PROBLEM STATEMENT:
Write out the full listing exactly as given, minus the images.
————
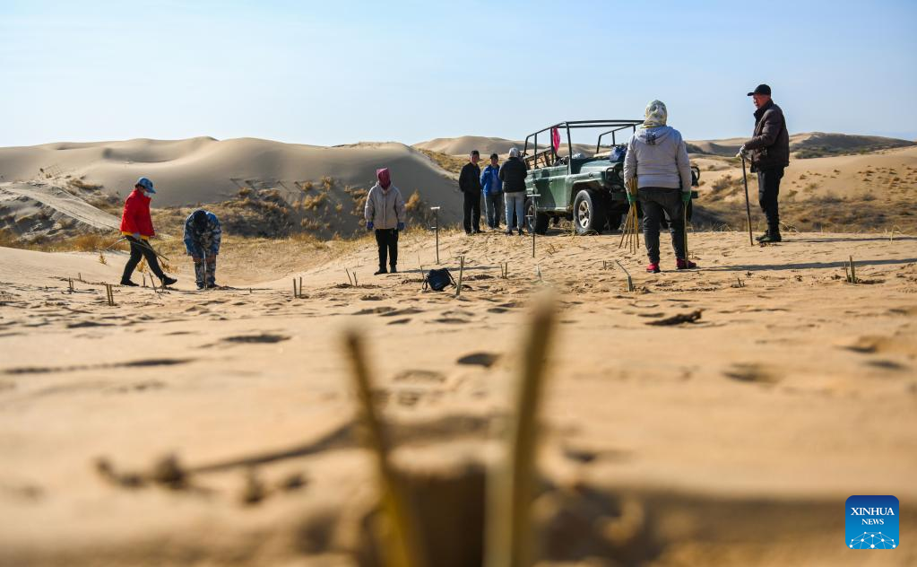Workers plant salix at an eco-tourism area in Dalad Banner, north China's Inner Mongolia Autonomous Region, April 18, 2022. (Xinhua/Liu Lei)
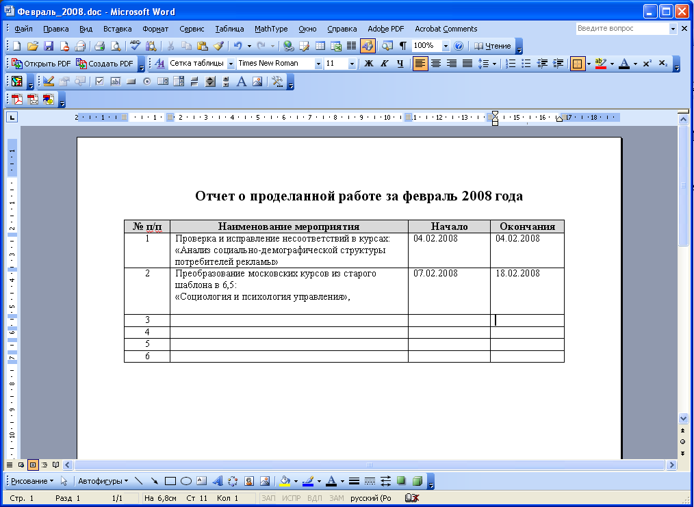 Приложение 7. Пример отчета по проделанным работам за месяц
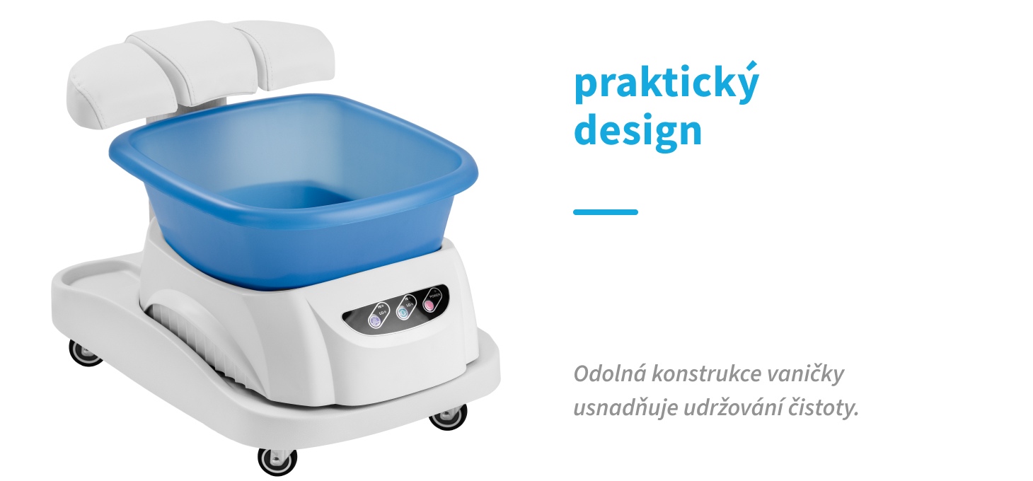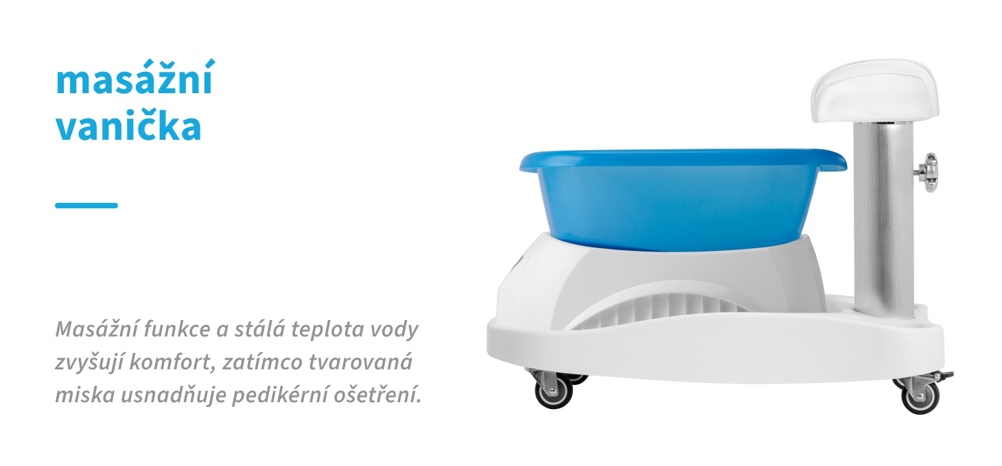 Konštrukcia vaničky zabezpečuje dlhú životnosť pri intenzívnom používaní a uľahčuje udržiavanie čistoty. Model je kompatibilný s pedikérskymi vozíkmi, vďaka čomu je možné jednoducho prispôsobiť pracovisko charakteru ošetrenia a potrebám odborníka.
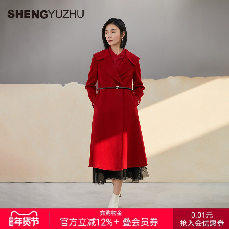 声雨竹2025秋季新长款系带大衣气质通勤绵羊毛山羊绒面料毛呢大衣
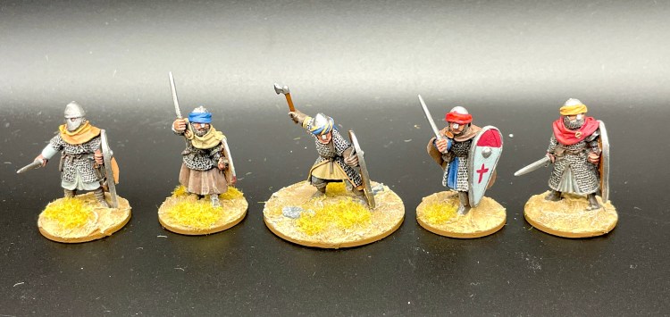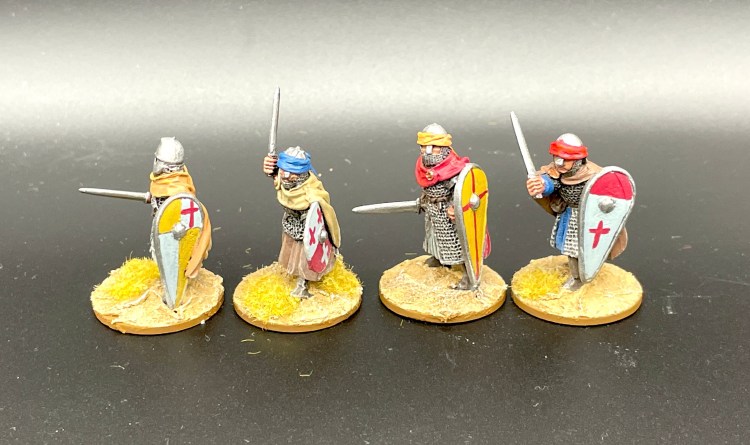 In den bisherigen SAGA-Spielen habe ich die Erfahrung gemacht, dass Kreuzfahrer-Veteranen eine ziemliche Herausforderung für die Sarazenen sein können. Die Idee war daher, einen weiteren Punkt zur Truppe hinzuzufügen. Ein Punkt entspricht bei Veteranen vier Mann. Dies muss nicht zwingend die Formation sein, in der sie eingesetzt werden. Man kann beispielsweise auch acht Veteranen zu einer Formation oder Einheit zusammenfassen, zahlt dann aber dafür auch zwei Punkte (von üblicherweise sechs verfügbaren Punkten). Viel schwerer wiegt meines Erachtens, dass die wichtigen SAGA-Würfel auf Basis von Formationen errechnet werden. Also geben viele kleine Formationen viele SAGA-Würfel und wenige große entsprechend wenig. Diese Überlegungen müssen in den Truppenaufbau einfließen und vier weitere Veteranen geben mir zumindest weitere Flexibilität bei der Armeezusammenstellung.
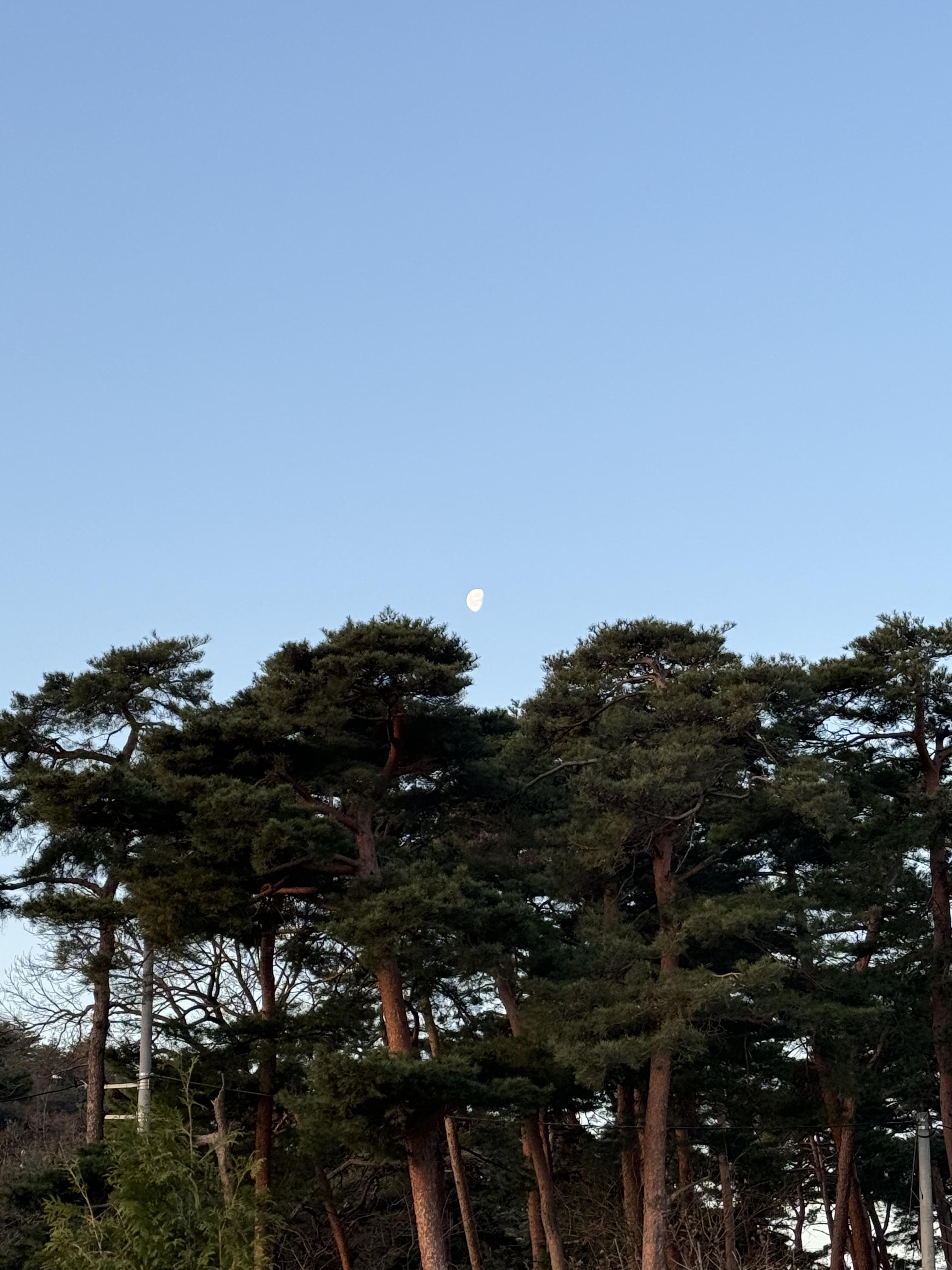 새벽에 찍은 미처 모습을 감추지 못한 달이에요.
————
RESPONSE BOX:
Workers plant salix at an eco-tourism area in Dalad Banner, north China's Inner Mongolia Autonomous Region, April 18, 2022. (Xinhua/Liu Lei)
 Приложение 7. Пример отчета по проделанным работам за месяц
 Konštrukcia vaničky zabezpečuje dlhú životnosť pri intenzívnom používaní a uľahčuje udržiavanie čistoty. Model je kompatibilný s pedikérskymi vozíkmi, vďaka čomu je možné jednoducho prispôsobiť pracovisko charakteru ošetrenia a potrebám odborníka.
 声雨竹2025秋季新长款系带大衣气质通勤绵羊毛山羊绒面料毛呢大衣
 In den bisherigen SAGA-Spielen habe ich die Erfahrung gemacht, dass Kreuzfahrer-Veteranen eine ziemliche Herausforderung für die Sarazenen sein können. Die Idee war daher, einen weiteren Punkt zur Truppe hinzuzufügen. Ein Punkt entspricht bei Veteranen vier Mann. Dies muss nicht zwingend die Formation sein, in der sie eingesetzt werden. Man kann beispielsweise auch acht Veteranen zu einer Formation oder Einheit zusammenfassen, zahlt dann aber dafür auch zwei Punkte (von üblicherweise sechs verfügbaren Punkten). Viel schwerer wiegt meines Erachtens, dass die wichtigen SAGA-Würfel auf Basis von Formationen errechnet werden. Also geben viele kleine Formationen viele SAGA-Würfel und wenige große entsprechend wenig. Diese Überlegungen müssen in den Truppenaufbau einfließen und vier weitere Veteranen geben mir zumindest weitere Flexibilität bei der Armeezusammenstellung.
 새벽에 찍은 미처 모습을 감추지 못한 달이에요.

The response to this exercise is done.